§ Work instruction:
Every line of the entries below that mentions "رایین" is to be copied out.

§ Entries shown:

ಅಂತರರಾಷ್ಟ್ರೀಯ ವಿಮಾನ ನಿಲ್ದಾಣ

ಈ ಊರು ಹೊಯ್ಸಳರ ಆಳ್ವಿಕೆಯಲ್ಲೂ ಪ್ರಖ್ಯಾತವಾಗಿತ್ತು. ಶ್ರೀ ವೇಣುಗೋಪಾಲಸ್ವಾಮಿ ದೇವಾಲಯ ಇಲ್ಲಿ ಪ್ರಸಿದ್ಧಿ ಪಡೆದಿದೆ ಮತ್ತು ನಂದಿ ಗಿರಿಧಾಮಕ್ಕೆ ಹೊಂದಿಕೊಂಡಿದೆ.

* * *

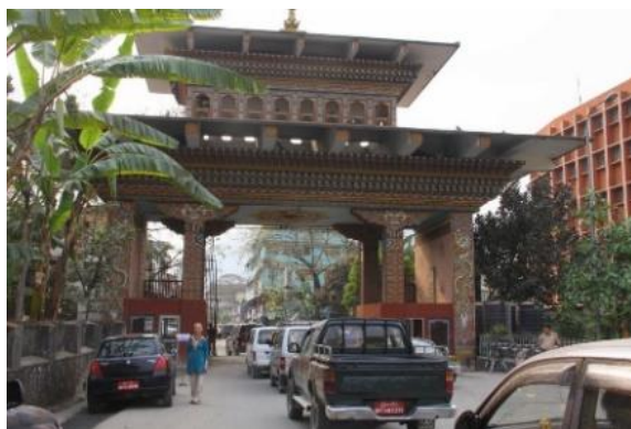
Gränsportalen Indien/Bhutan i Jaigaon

==

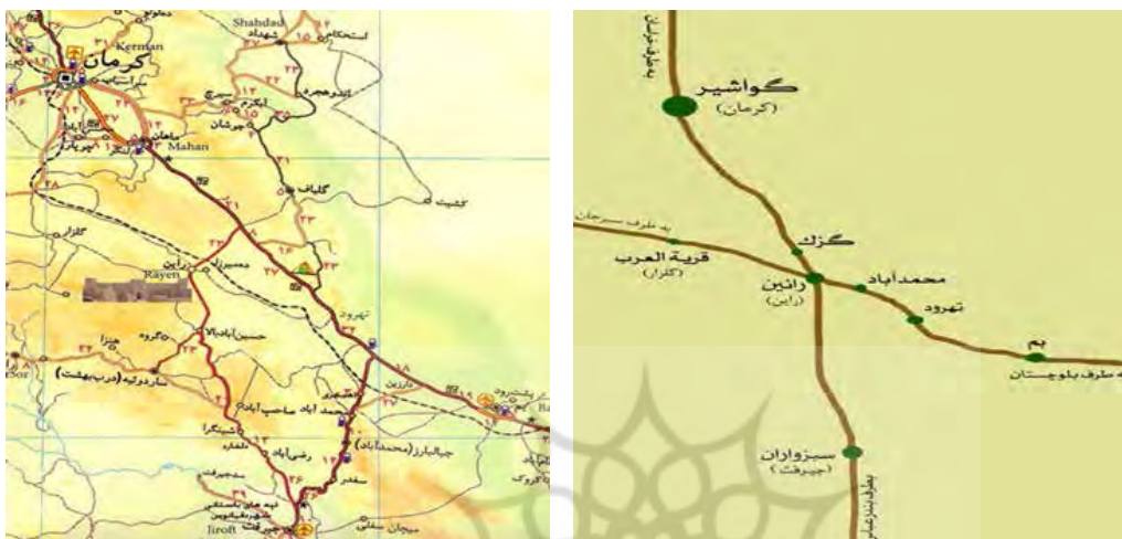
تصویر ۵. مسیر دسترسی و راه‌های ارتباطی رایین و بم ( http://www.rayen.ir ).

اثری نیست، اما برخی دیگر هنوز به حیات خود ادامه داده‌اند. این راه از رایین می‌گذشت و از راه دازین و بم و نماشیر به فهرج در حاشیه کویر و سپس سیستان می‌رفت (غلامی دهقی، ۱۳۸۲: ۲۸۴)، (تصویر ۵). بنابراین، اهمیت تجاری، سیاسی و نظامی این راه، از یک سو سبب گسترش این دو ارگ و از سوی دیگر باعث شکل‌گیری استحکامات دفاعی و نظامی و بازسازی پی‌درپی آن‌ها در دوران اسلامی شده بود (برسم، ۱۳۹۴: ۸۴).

§ Answer to this exercise:
تصویر ۵. مسیر دسترسی و راه‌های ارتباطی رایین و بم ( http://www.rayen.ir ).
اثری نیست، اما برخی دیگر هنوز به حیات خود ادامه داده‌اند. این راه از رایین می‌گذشت و از راه دازین و بم و نماشیر به فهرج در حاشیه کویر و سپس سیستان می‌رفت (غلامی دهقی، ۱۳۸۲: ۲۸۴)، (تصویر ۵). بنابراین، اهمیت تجاری، سیاسی و نظامی این راه، از یک سو سبب گسترش این دو ارگ و از سوی دیگر باعث شکل‌گیری استحکامات دفاعی و نظامی و بازسازی پی‌درپی آن‌ها در دوران اسلامی شده بود (برسم، ۱۳۹۴: ۸۴).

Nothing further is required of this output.